To hold that managers are protected only if they “step outside” their usual roles and take actions adverse to their employers would add language that is not in the statute, contrary to the principle that it is “Congress’s province” “to add words to [a] law.” EEOC v. Abercrombie & Fitch Stores, Inc., 135 S. Ct. 2028, 2033 (2015) (emphasis added). Congress could have expressly excluded managerial employees or others with a duty to report discrimination, but did not. In contrast, Congress included explicit exclusions in other provisions of the statute, see, e.g., 42 U.S.C. § 2000e(b) (defining “employer” to include only “person[s] engaged in an industry affecting commerce who has fifteen or more employees”); id. § 2000e(f) (excluding elected officials and certain appointees from the definition of “employee”). “When Congress provides exceptions in a statute,” courts should infer “that Congress considered the issue of exceptions and, in the end, limited the statute to the ones set forth.” Toor v. Lynch, 789 F.3d 1055, 1061 (9th Cir. 2015) (quoting United States v. Johnson, 529 U.S. 53, 58 (2000)).

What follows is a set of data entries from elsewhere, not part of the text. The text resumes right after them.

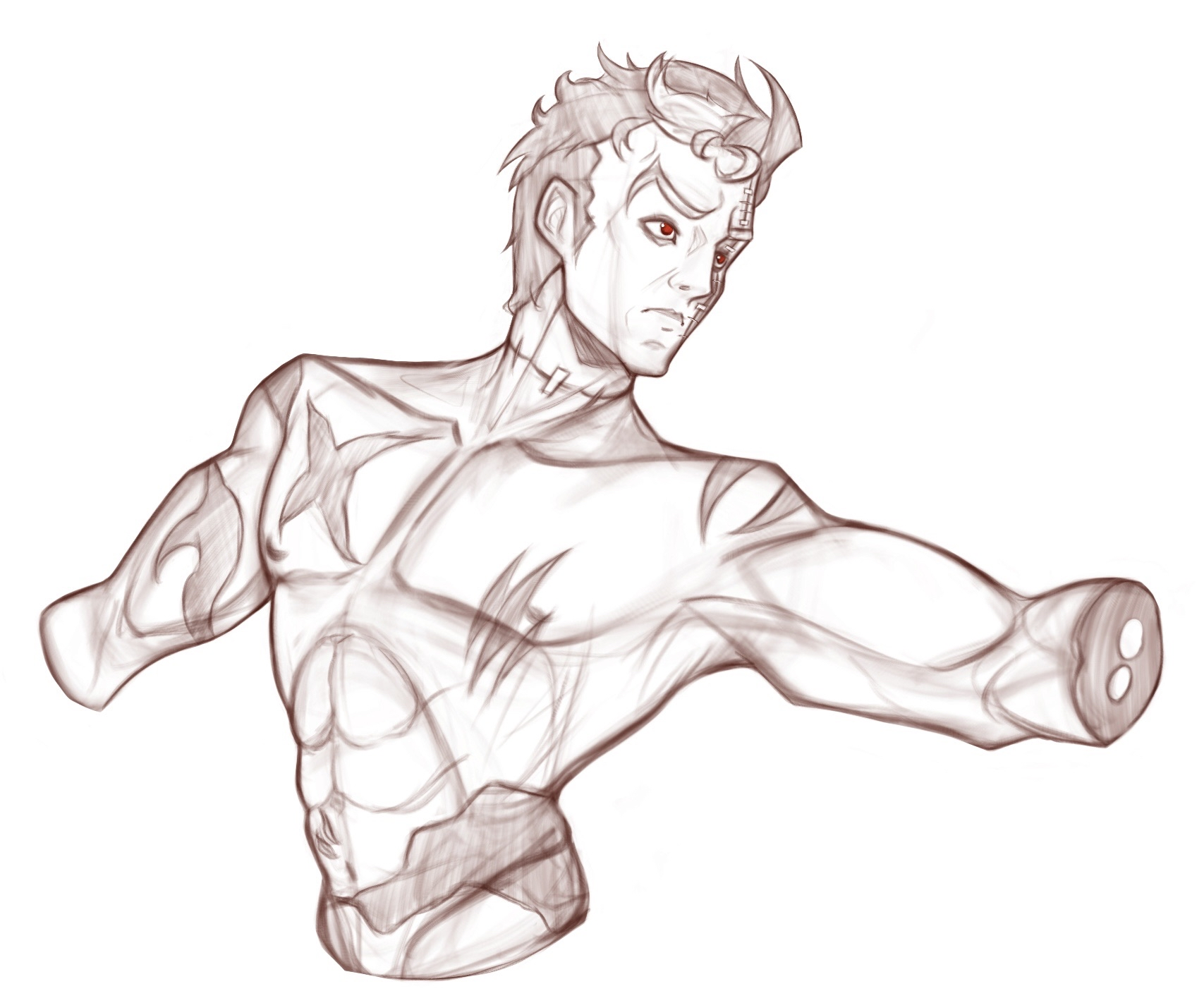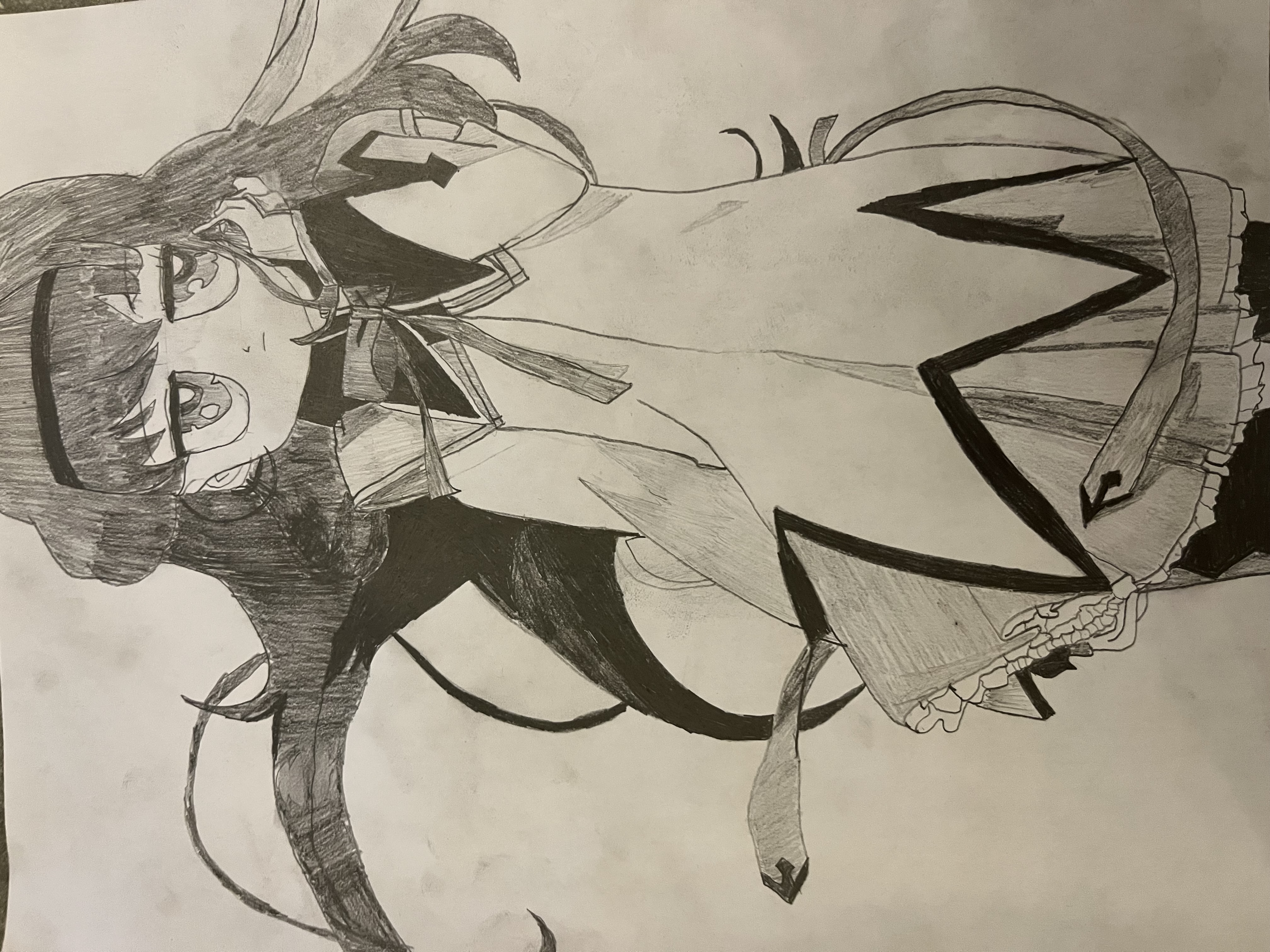wish i could finish one (1) drawing instead of leaving everything <80% finished bc i start hating itidk if this will count as gore or w/e, just some edgyslop. i feel like the armpit and face are fucked amongst other things, this was far beyond what im capable of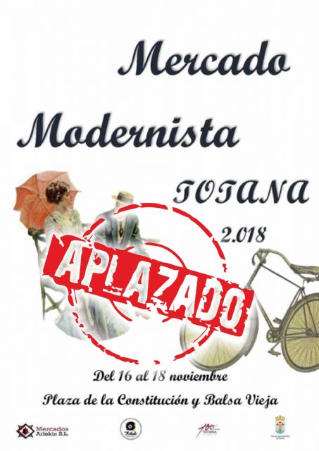 La Concejalía de Cultura comunica que se ha decidido suspender el Mercado Modernista que estaba previsto celebrarse este fin de semana del 16 al 18 de noviembre en las plazas de la Constitución y Balsa Vieja, organizado por el Ayuntamiento de Totana con motivo de los actos conmemorativos del Centenario de la Ciudad 1918-2018.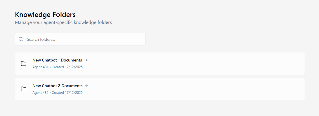Access: Simply click on a folder card to open the detailed management view for that specific agent.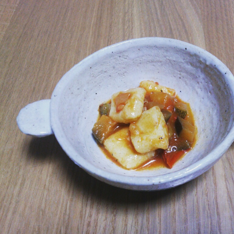 ソースは適当にラタトゥユ。惣菜屋さんのお手伝いは我が家の晩御飯のレパートリーを増やしてくれる。素材である野菜を育てた父本人に還元出来るもんね、おかずだと。ありがたい。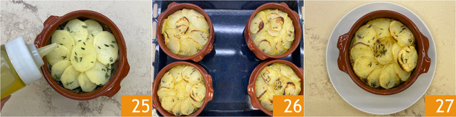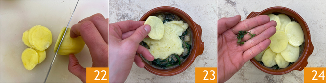 Schälen Sie zu diesem Zeitpunkt die Kartoffeln für die Oberfläche und schneiden Sie sie in Scheiben von 2 mm Dicke 22. Legen Sie die Kartoffeln auf die Törtchen 23, salzen Sie und duften Sie mit Thymianblättern 24.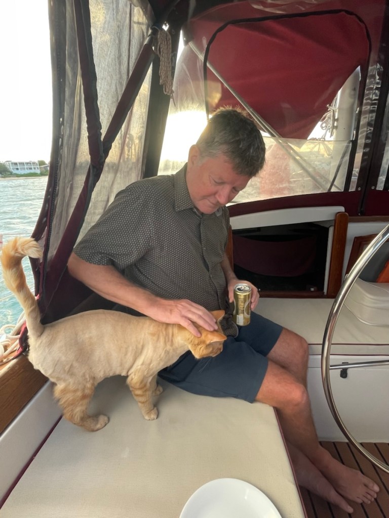 Mark and I spent Friday and Saturday relaxing on the boat. We didn’t even lower the dinghy – just read our books, watched stuff on our devises and truly did very little. We did go for a swim on Saturday which was super nice. The wind had finally dropped enough so that the waves had died down too. This wind sure has lasted a long time – longer than was predicted!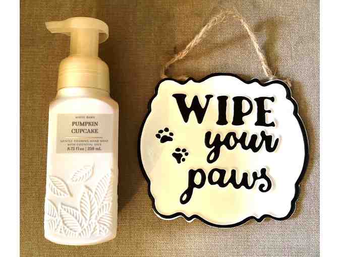 White Barn Pumpkin Cupcake gentle foaming hand soap - baked pumpkin, whipped vanilla frosting and golden honey. Metal sign measures 9 inch overall length and 7.5 inches wide.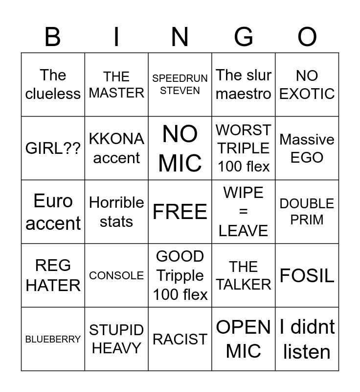 This bingo card has a free space and 24 words: BLUEBERRY, CONSOLE, NO MIC, OPEN MIC, NO EXOTIC, The clueless, THE MASTER, SPEEDRUN STEVEN, WIPE = LEAVE, DOUBLE PRIM, Euro accent, KKONA accent, THE TALKER, FOSIL, GIRL??, STUPID HEAVY, RACIST, The slur maestro, Massive EGO, REG HATER, Horrible stats, GOOD Tripple 100 flex, WORST TRIPLE 100 flex and I didnt listen.

Aside from conflicting with Title VII’s plain language, the manager rule is in tension with Supreme Court precedents interpreting Title VII’s text, purpose, and objectives. For example, the Supreme Court has repeatedly held that Title VII’s anti-retaliation provision “provide[s] broad protection from retaliation.” Burlington N. & Santa Fe Ry. Co. v. White, 548 U.S. 53, 67 (2006); see also Thompson v. N. Am. Stainless, LP, 562 U.S. 170, 175 (2011) (explaining that “Title VII’s antiretaliation provision is worded broadly” and holding that it applies to third-party reprisals); Crawford, 555 U.S. at 276 (recognizing that “opposition” includes a wide range of conduct); Robinson v. Shell Oil Co., 519 U.S. 337, 346 (1997) (holding that Title VII’s anti-retaliation provision applies to former employees). As Burlington Northern explained, broad anti-retaliation protection “helps ensure” “the cooperation of employees who are willing to file complaints and act as witnesses,” which is essential to “accomplish[ing] ... [Title VII’s] primary objective” of securing a discrimination-free workplace. 548 U.S. at 63, 67. Rather than advancing “broad protection,” the manager rule limits the scope of Title VII’s anti-retaliation provision. And, without protection from retaliation, employees who happen to fulfill a managerial role will be less likely to “cooperat[e],” “file complaints[,] and act as witnesses.”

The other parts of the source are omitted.